Переправу ежедневно по нескольку раз бомбили и обстреливали с самолётов немцы, и тотчас же начинала бить охранявшая переправу зенитная артиллерия, звенели зенитные пулемёты, и весь табор в одно мгновение разлетался по степи. Но только исчезали самолёты, как все вновь возвращалось на свои места.

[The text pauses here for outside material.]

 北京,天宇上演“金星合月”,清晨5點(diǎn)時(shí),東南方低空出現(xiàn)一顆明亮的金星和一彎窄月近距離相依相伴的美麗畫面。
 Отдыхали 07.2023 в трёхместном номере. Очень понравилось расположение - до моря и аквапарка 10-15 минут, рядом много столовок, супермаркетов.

С того момента, как Ваня попал в этот табор, у него уже не было другой цели, как только отыскать машину, на которой ехали Ковалёвы. В нем боролись два чувства: он уже начинал понимать, сколь велика опасность, и ему хотелось бы, чтобы Клава с родителями была уже не только по ту сторону Донца, а и по ту сторону Дона, и в то же время он был бы счастлив, если бы встретил Клаву ещё здесь.
Они бродили по табору, Ваня и Жора, ища своих краснодонцев, как вдруг от одной из подвод кто-то окликнул их по именам, и Олег Кошевой, их товарищ по школе, загоревший и, как всегда, свежий, аккуратный, с выражением оживлённой деятельности во всей его лёгкой с широкими плечами фигуре и в поблёскивающих глазах с золотящимися ресницами, уже обнимал товарищей сильными, большими руками и крепко целовал в тубы.

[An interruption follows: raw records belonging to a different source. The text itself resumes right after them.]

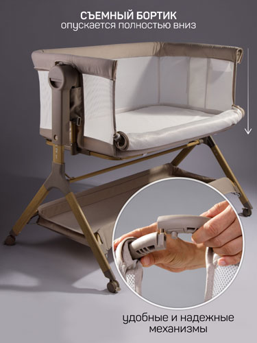 Приставная люлька механическая Amarobaby Care бежевый В наличии. |
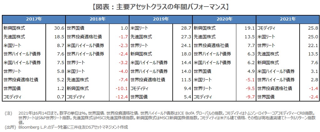 2021年の6月14日までのパフォーマンスは図表の通りです。上昇率の第1位はコモディティの25.8%、第2位は米国リートの25.0%、世界リートの22.1%となっており、2020年は通年でマイナス圏に沈んだこれらのアセットクラスが、一気に巻き返す格好になっています。これは、年明け以降、世界的に新型コロナウイルスのワクチンの接種が普及し、経済活動の正常化と一段の景気回復に対する期待が市場に広がったためと推測されます。
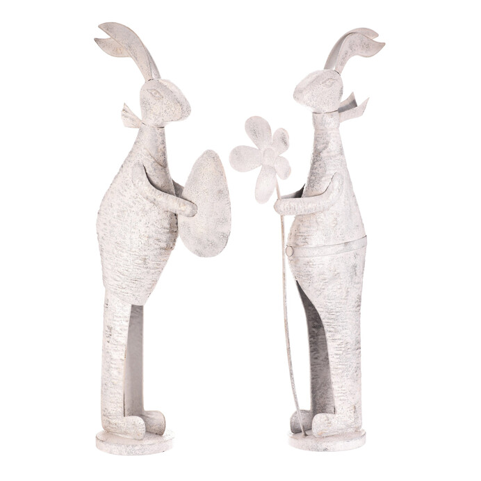 Zajíc kovový - s patinou, bílý, vel. L, mix 2, cena za 1 ks
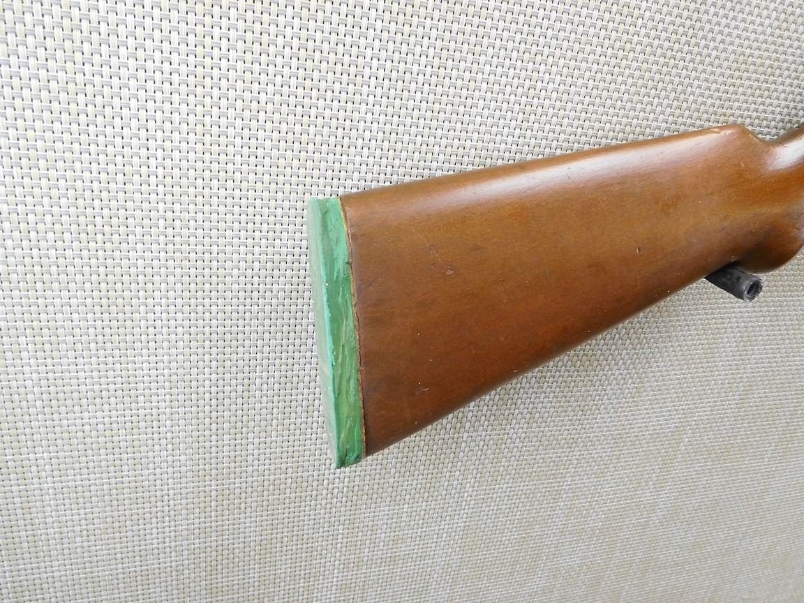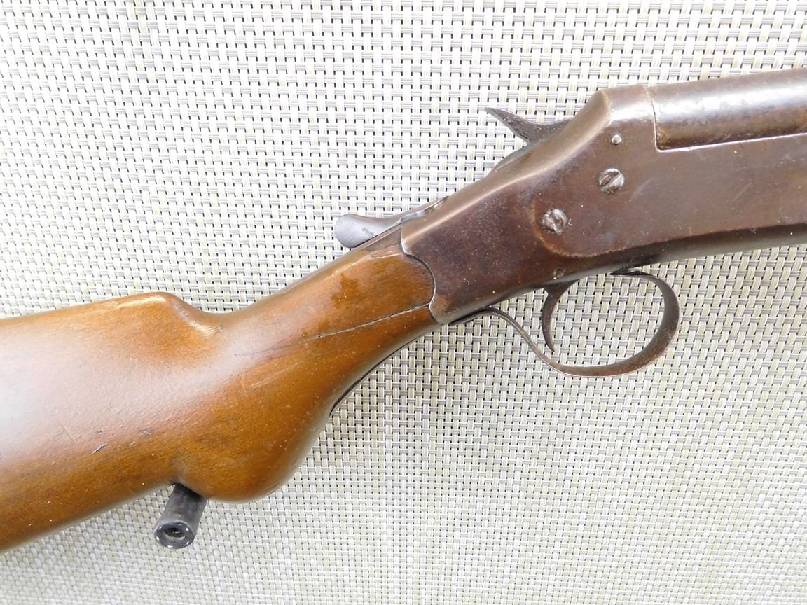 REPLACED RUBBER BUTT PAD, CRACK AND CHIPPE BUTT STOCK, BEAD FRONT SIGHT, BROWN PATINA, DARK BORE, FULL CHOKE , BARREL LENGTH: 30" , SERIAL: N/A , ACTION: SINGLE SHOT BREAK ACTION SHOTGUN , CONDITION: 5/10 , STOCK # 6832 , CLASS: CANADIAN NON RESTRICTED CLASS

Они набрели на машину шахты № 1-бис с Валько и Шевцовым, на подводы с Улей и с роднёй Кошевого и на тот самый детский дом, который выбрался из Краснодона усилиями Вани и Жоры и заведующая которым теперь даже не узнала их.
Первоначальный план их пути был на Новочеркасск, где у Жоры Арутюнянца была влиятельная, как он сказал, родня, могущая помочь в дальнейшем передвижении, — там дядя его работал сапожником при станции. Но Ваня, которому Жора подчинялся как старшему товарищу, узнав, что Ковалёвы едут на Лихую, в последнюю минуту предложил Жоре этот новый маршрут, очень туманно сформулировав его преимущества. И Жора, которому было решительно все равно, куда ни идти, с готовностью изменил свой довольно ясный маршрут на туманный маршрут Земнухова.

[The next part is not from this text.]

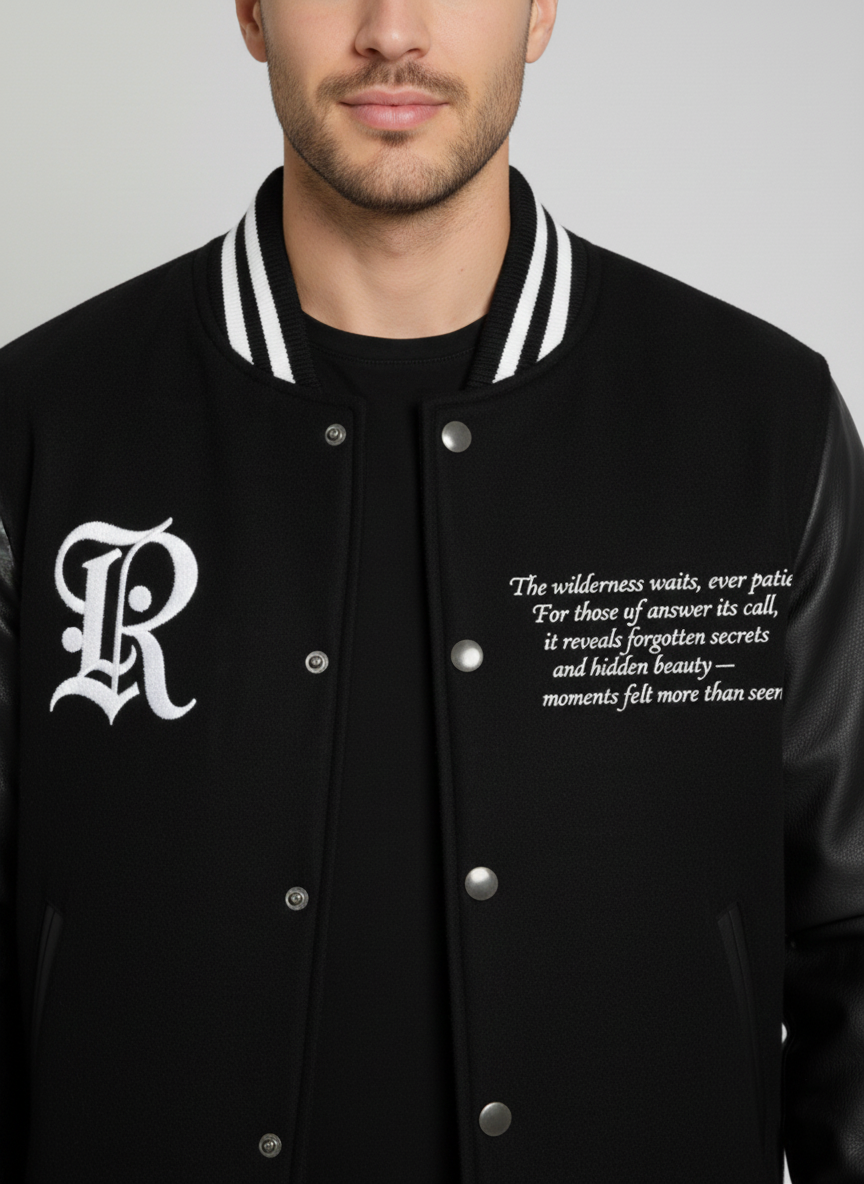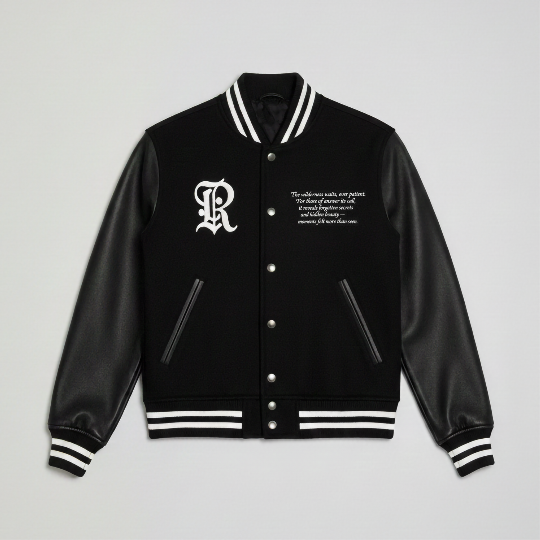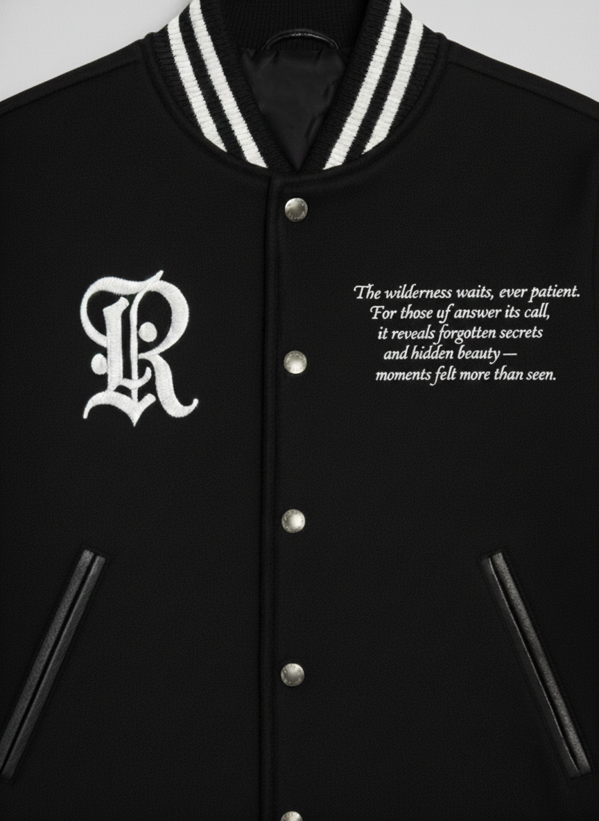 The front maintains a refined look with the signature white Rubail 'R' Logo and a short poetic verse embroidered on the chest (a nod to the image provided: "The wilderness waits, ever patient... moments felt more than seen."). Two zippered pockets ensure your essentials are always secure. This Rubail piece is designed for those who command attention without saying a word.

На одном из этапов пути к ним присоединился маленький кривоногий и донельзя усатый майор в сильно помятой гимнастёрке с гвардейским значком с правой стороны груди, в сухих покоробленных сапогах. Его военная форма, особенно сапоги, находилась в таком горестном состоянии оттого, что, как он пояснил, она в течение пяти месяцев, пока он излечивался от ран, валялась в госпитальной кладовой.
Последнее время госпиталь занимал одно из отделений краснодонской главной больницы и теперь эвакуировался, но за недостатком транспорта всем, кто мог ходить, предложено было идти пешком, и ещё более ста тяжелораненых осталось в Краснодоне без всякой надежды выбраться.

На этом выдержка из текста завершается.